SARASOTA, Fla. — The Sarasota Art Museum is bringing conversations about race to the forefront with a new exhibit opening on May 29.
"Art and Race Matters: The Career of Robert Colescott" will showcase 50 total works from Robert Colescott's 53-year career. The museum says the artwork created by "one of America's most compelling and controversial artists" will bring both diversity and racial stereotypes to the surface, while also challenging them.
“Given the crisis of race relations, image management, and political manipulation in the current American—indeed the global—landscape,” Curator Lowery Stokes Sims said. “Colescott’s perspectives on race, life, social mores, historical heritage, and cultural hybridity allow us a means—if we are up to the task—to forthrightly confront what the state of world culture will be in the next decade.”
The museum says Colescott's interest in critiquing the failure to accurately represent the Black experience in art was the root of his life's work.
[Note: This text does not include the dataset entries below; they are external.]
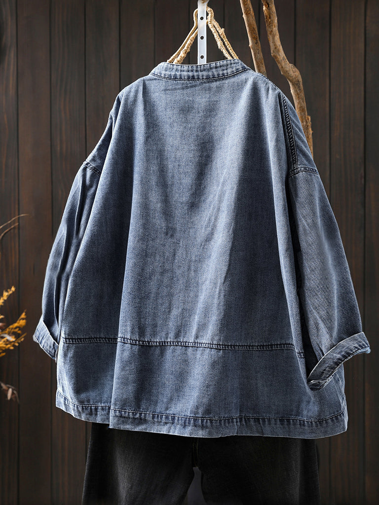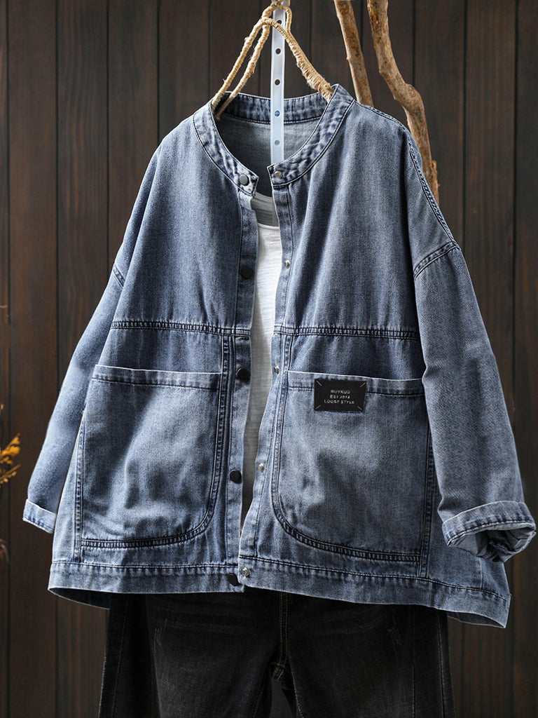 Casaco jeans feminino plus size retrô de verão em cor lisa com gola alta.
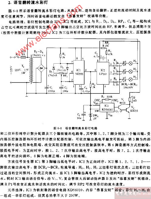 語(yǔ)音翻轉(zhuǎn)流水彩燈電路圖
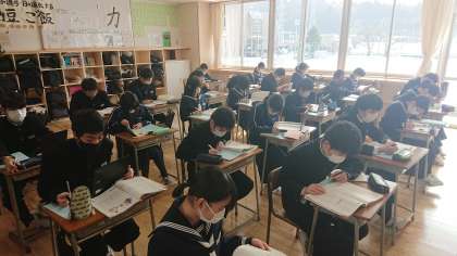 先日行った、発表に関してのまとめを行っています。クロムブックを利用し、分からないことを調べたり、発表内容を振り返ってみたりと前時の復習をしっかりと行っていました。
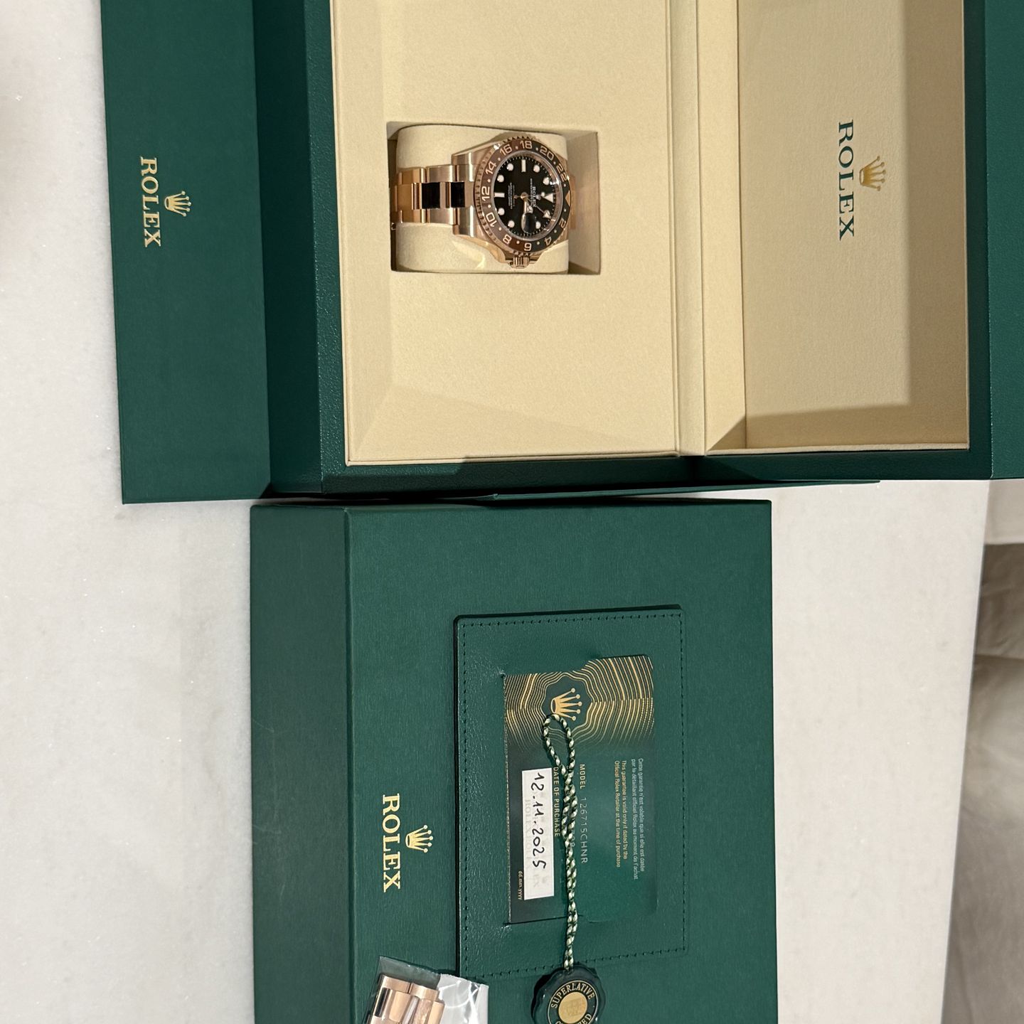 Up for sale is a brand new, unworn Rolex GMT-Master II “Root Beer” Ref. 126715CHNR in solid 18k Everose gold. This is the full gold version — not two-tone — and represents one of the most striking and luxurious GMT models in the current Rolex lineup. The warm Everose gold case and Oyster bracelet paired with the black and brown Cerachrom bezel create a bold yet refined presence on the wrist. It is powered by Rolex’s in-house Caliber 3285 movement with approximately a 70-hour power reserve. This watch is in true brand-new condition and has never been worn. There are no scratches, marks, or blemishes on the case, crystal, bezel, or bracelet. At the time of purchase, the bracelet was professionally sized at the authorized dealer and two links were removed. The watch itself has never been worn, and the removed links are included in the sale, allowing the bracelet to be returned to full factory size. Watch Details: Brand: Rolex Model: GMT-Master II Reference: 126715CHNR Case Size: 40mm Material: Solid 18k Everose Gold (case & bracelet) Bezel: Black & brown Cerachrom ceramic, bidirectional 24-hour Movement: Rolex Caliber 3285 (automatic) Power Reserve: ~70 hours Bracelet: 18k Everose Gold Oyster bracelet with Easylink extension Water Resistance: 100 meters Included: Original Rolex box Warranty card Booklets/manuals All original packaging Extra links (2 removed links included) This is an opportunity to acquire a high-demand, full Everose gold Root Beer in unworn condition without the boutique wait. A powerful yet elegant statement piece and a standout addition to any serious collection. Serious inquiries only. Happy to provide additional photos upon request.
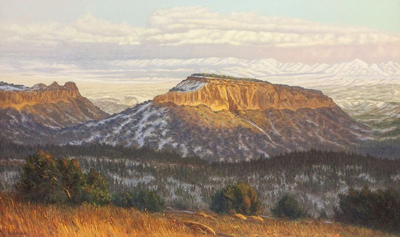 To the unaided eye, this piece appears to be in very good condition. Inspection under ultraviolet light shows normal fluorescence of the artist's pigments. This piece is in a rustic wooden frame with a burlap liner and an antiqued gold fillet. The frame is in good condition, displaying normal signs of wear. Verso: (handwritten) Los Alamos Mesas © M. L. Coleman 1978 Reproduction Rights Reserved # 78-6 Damar Varnish 6/78
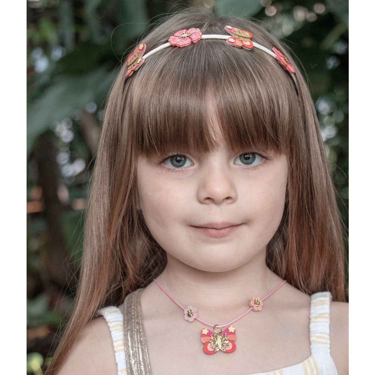 Flutter like a butterfly with our Bella butterfly headband. Adorned with our Bella butterflies and shimmering hibiscus flowers sat upon a mink ribbon wrapped metal headband. The perfect headband for those spring days! Matching hair accessories also available. Made with recycled felt, ribbon, glitter and PU. Not suitable for children under 36 months due to small parts. Style code: H2350M

“Colescott’s exploration of race, identity, and politics is as pointed and pertinent now as ever and will help catalyze public discussion of pressing issues we are facing as a society,” said Platow. “In presenting the full-sweep of Colescott’s career, our goal is to also assert his seminal contributions to both post-War American art and to contemporary artists today working in the U.S. and internationally.”
You can catch the exhibit said to explore the reality of the "American Dream" at the Sarasota Art Museum from May 29 - Oct. 31.
Joining Colescott's exhibit for a stint in the Tampa Bay area will also be "Charles McGill: In the Rough."
Charles McGill, in addition to being an artist, was a golf teaching professional whose two passions joined forces in his assemblage works that re-purposed elements of vintage golf bags.
According to the museum, he re-imagined the materials into abstract sculptures that look to spark discussion on exclusion, privilege and racial and class inequities.
You can catch the exhibit at the Sarasota Art Museum from May 29 - Nov. 14.